What to produce: Within the listing that follows, reproduce exactly the lines starting at the line with "今回は時期としてお盆もひとつ" and ending at the line with "500 шт 100 шт", inclusive, and only those. Pictures are dropped.

Data listing:
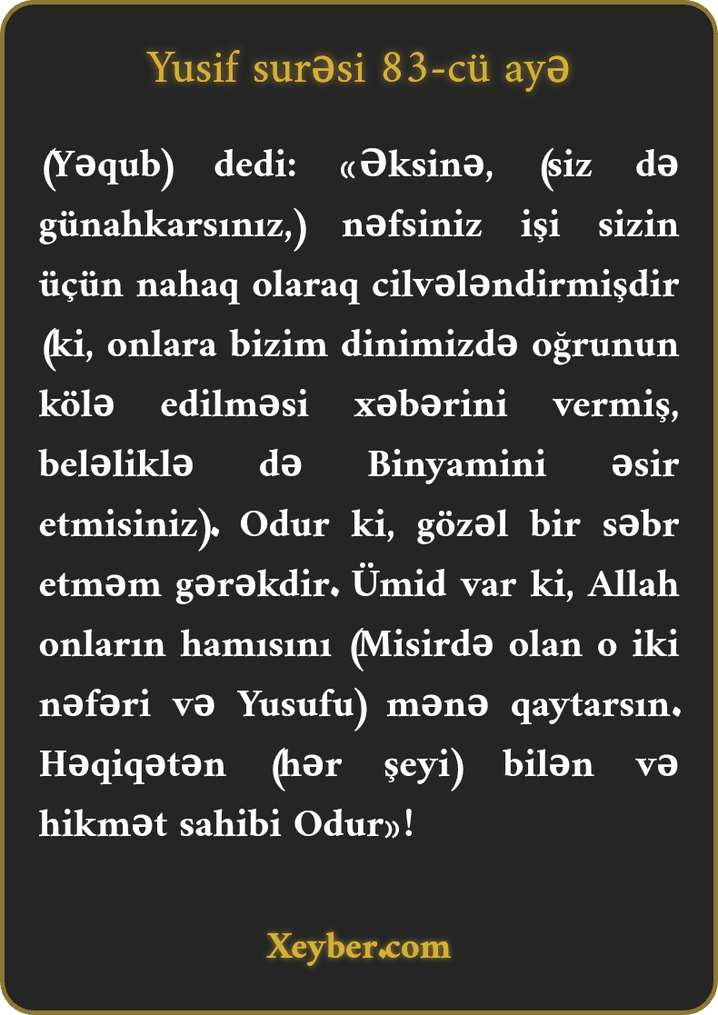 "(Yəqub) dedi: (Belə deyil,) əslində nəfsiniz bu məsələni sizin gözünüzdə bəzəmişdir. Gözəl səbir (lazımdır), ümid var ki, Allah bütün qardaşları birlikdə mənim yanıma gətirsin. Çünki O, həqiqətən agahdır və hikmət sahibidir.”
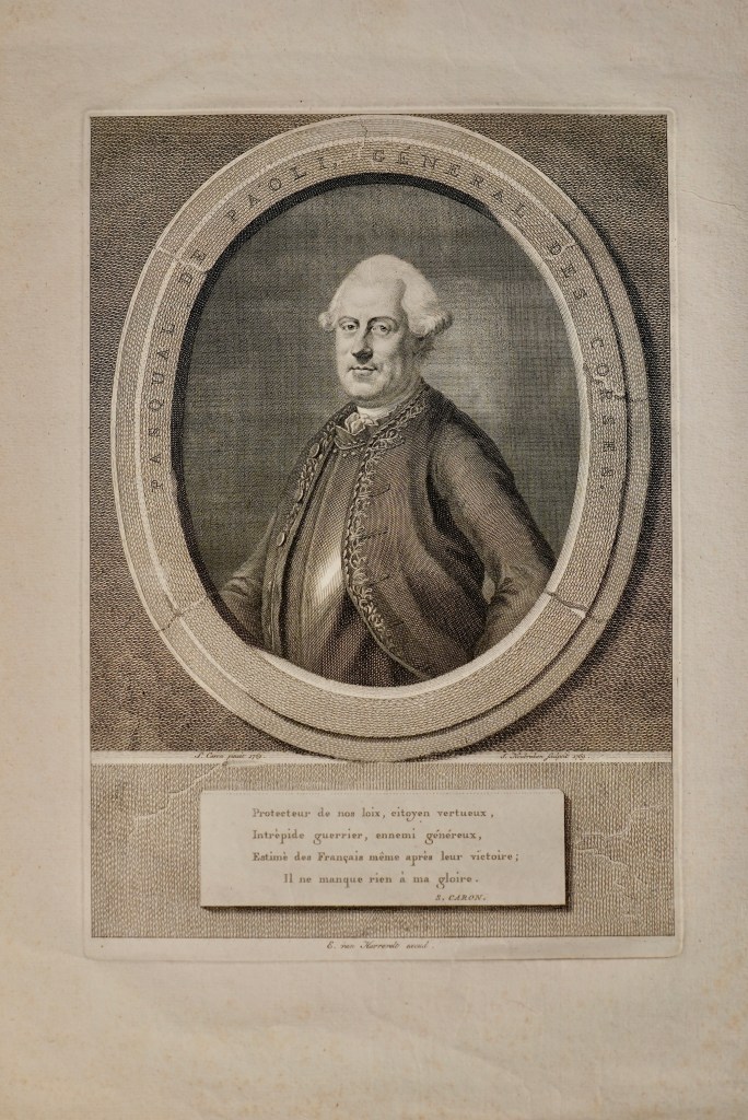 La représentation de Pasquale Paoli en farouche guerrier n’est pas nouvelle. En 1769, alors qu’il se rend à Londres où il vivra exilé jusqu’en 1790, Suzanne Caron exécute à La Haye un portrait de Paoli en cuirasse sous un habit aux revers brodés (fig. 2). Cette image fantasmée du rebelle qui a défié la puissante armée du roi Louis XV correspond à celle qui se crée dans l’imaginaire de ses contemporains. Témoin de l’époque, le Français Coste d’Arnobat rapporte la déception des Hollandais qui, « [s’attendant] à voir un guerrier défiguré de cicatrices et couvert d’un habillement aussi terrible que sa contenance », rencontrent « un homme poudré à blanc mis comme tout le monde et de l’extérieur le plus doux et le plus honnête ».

---

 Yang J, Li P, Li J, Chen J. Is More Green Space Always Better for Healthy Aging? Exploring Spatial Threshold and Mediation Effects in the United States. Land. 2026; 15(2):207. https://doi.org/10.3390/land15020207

---

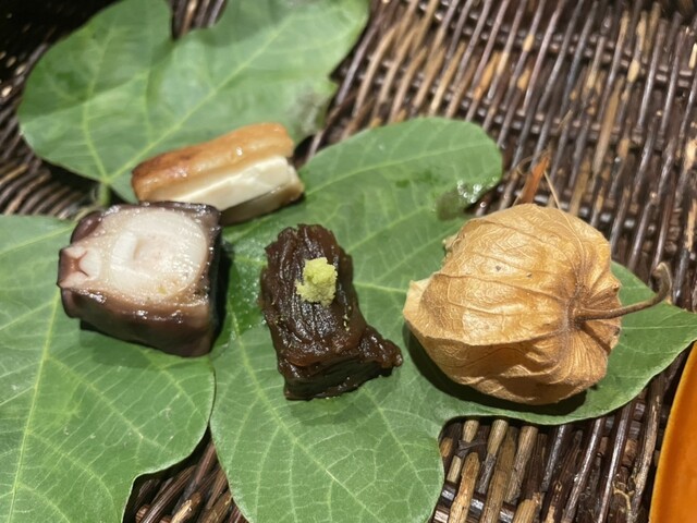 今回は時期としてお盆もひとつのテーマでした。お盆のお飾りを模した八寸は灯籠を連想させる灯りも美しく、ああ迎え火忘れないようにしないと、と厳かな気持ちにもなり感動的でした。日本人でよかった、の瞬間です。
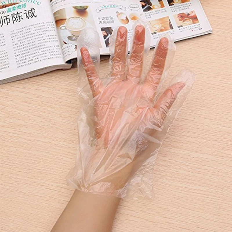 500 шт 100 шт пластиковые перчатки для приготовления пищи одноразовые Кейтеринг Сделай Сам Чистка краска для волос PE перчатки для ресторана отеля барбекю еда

Output of the exercise:
 今回は時期としてお盆もひとつのテーマでした。お盆のお飾りを模した八寸は灯籠を連想させる灯りも美しく、ああ迎え火忘れないようにしないと、と厳かな気持ちにもなり感動的でした。日本人でよかった、の瞬間です。
 500 шт 100 шт пластиковые перчатки для приготовления пищи одноразовые Кейтеринг Сделай Сам Чистка краска для волос PE перчатки для ресторана отеля барбекю еда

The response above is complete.